Everything in the data except the pictures belongs in your answer, copied exactly.

• [Data extracts]:

=== Begin Enclosure ===

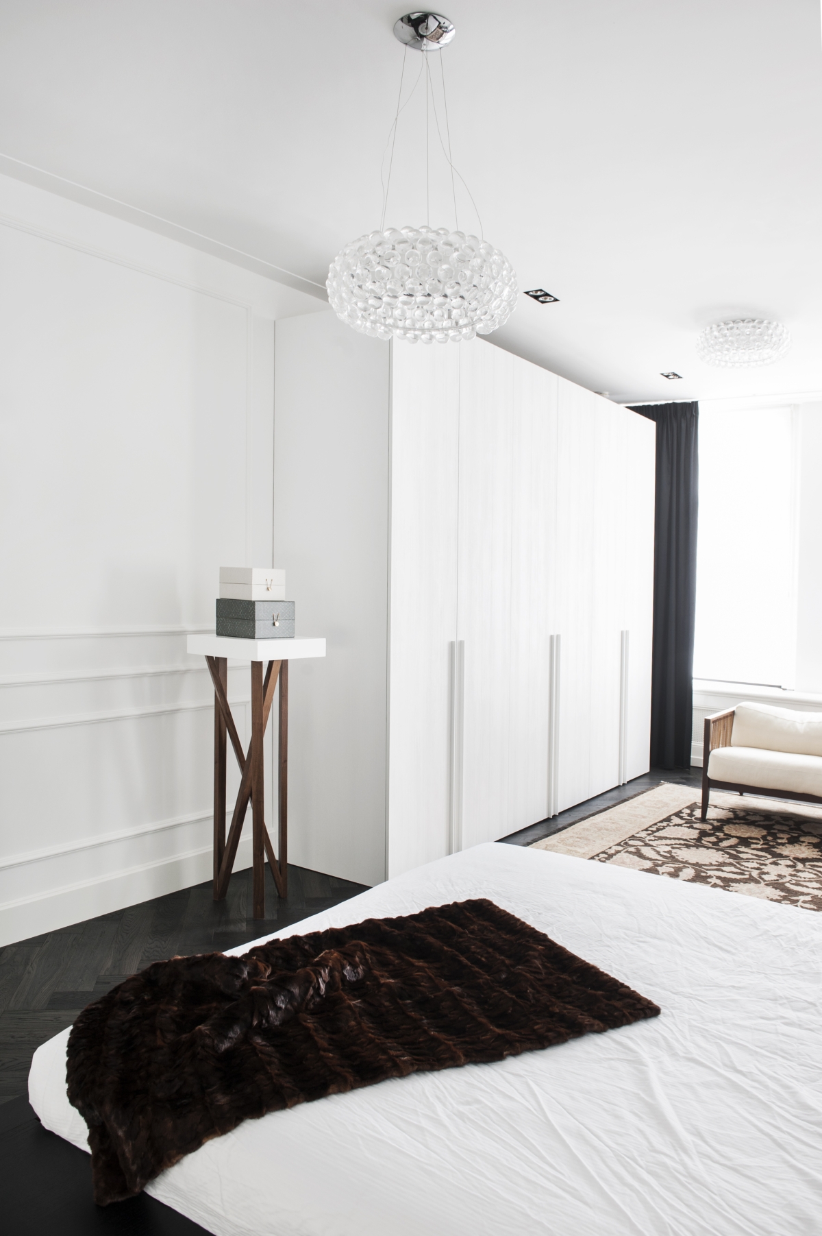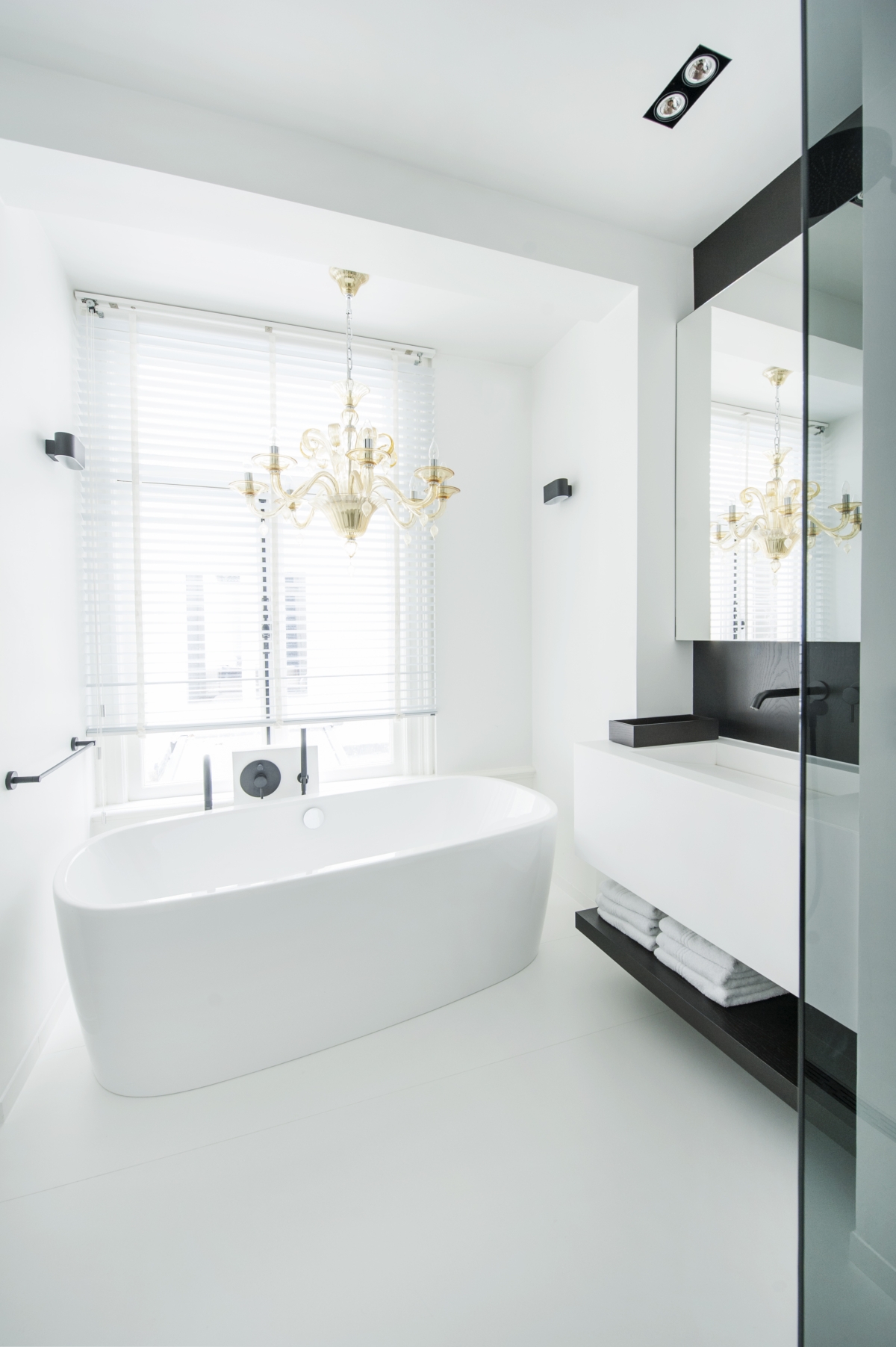 Completa il bagno il grande lampadario dorato che, assieme ai pochi elementi neri, interrompe il candore uniforme dello spazio, donandogli calore.
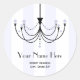 Ein Adressetikett mit einem Hintergrund von hellblauen und weißen vertikalen Streifen. Illustration eines Kristallkronleuchters, der von der oberen Mitte hängt. Personalisieren Sie den schwarzen Text unter Illustration mit Ihrem Namen und Ihrer Adresse. Suchen Sie nach passenden Artikeln wie Porto und Einladungen in Jill's Paperie.
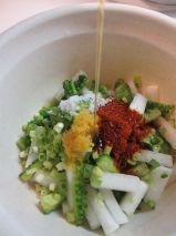即席キムチとは、醗酵させる前に食べるものでサラダのようなもの。 ごま油を加える事で苦味も和らげます。
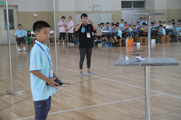 在遥控飞机绕标竞速赛项目中,我市选手囊括了所有两个组别的金牌。市青少年活动中心贺子航凭着沉稳的心态与过硬的技术以25圈用时183秒的成绩夺得小学组冠军,比第二名选手多出6圈。寮步香市中学钟铸豪常与贺子航一起训练,在全国赛更显“大哥”身份,以28圈用时185秒,远远抛离第二名选手8圈的成绩居中学组第一名。
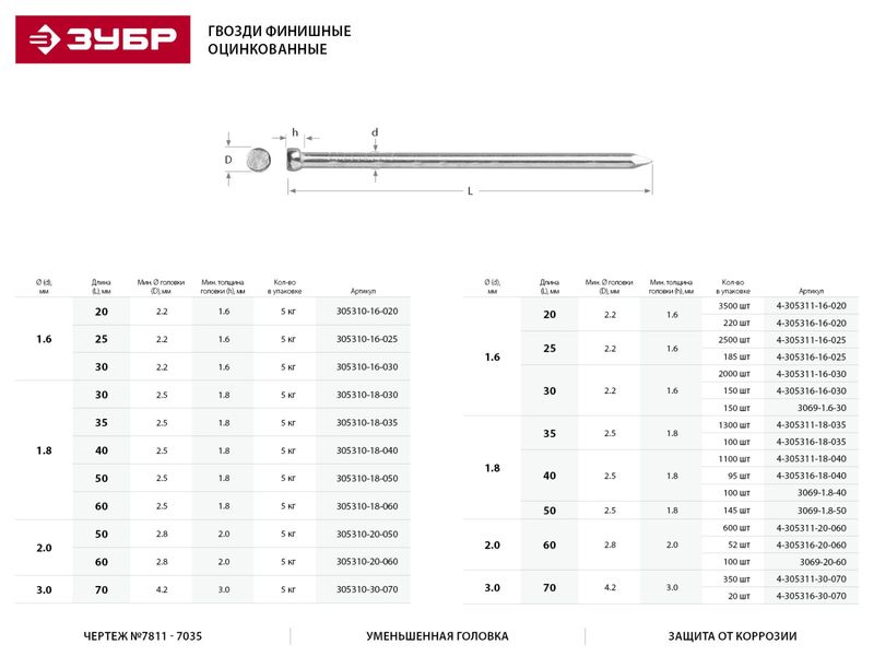 Уменьшенная головка позволяет утопить финишный гвоздь в материале, благодаря чему он становится практически незаметен
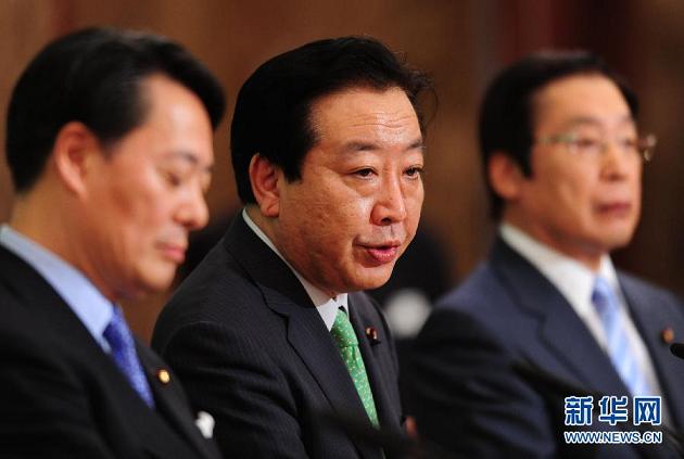 8月27日,在东京日本记者俱乐部,野田佳彦(中)在记者会上阐述观点。当日,角逐日本民主党代表(党首)的5名候选人前外相前原诚司、经济产业大臣海江田万里、前国土交通大臣马渊澄夫、财务大臣野田佳彦和农林水产大臣鹿野道彦在日本记者俱乐部举行联合记者会,阐述各自的政策主张。新华社记者 季春鹏摄

=== End Enclosure ===

• [Exercise answer]:
 Completa il bagno il grande lampadario dorato che, assieme ai pochi elementi neri, interrompe il candore uniforme dello spazio, donandogli calore.
 Ein Adressetikett mit einem Hintergrund von hellblauen und weißen vertikalen Streifen. Illustration eines Kristallkronleuchters, der von der oberen Mitte hängt. Personalisieren Sie den schwarzen Text unter Illustration mit Ihrem Namen und Ihrer Adresse. Suchen Sie nach passenden Artikeln wie Porto und Einladungen in Jill's Paperie.
即席キムチとは、醗酵させる前に食べるものでサラダのようなもの。 ごま油を加える事で苦味も和らげます。
 在遥控飞机绕标竞速赛项目中,我市选手囊括了所有两个组别的金牌。市青少年活动中心贺子航凭着沉稳的心态与过硬的技术以25圈用时183秒的成绩夺得小学组冠军,比第二名选手多出6圈。寮步香市中学钟铸豪常与贺子航一起训练,在全国赛更显“大哥”身份,以28圈用时185秒,远远抛离第二名选手8圈的成绩居中学组第一名。
 Уменьшенная головка позволяет утопить финишный гвоздь в материале, благодаря чему он становится практически незаметен
 8月27日,在东京日本记者俱乐部,野田佳彦(中)在记者会上阐述观点。当日,角逐日本民主党代表(党首)的5名候选人前外相前原诚司、经济产业大臣海江田万里、前国土交通大臣马渊澄夫、财务大臣野田佳彦和农林水产大臣鹿野道彦在日本记者俱乐部举行联合记者会,阐述各自的政策主张。新华社记者 季春鹏摄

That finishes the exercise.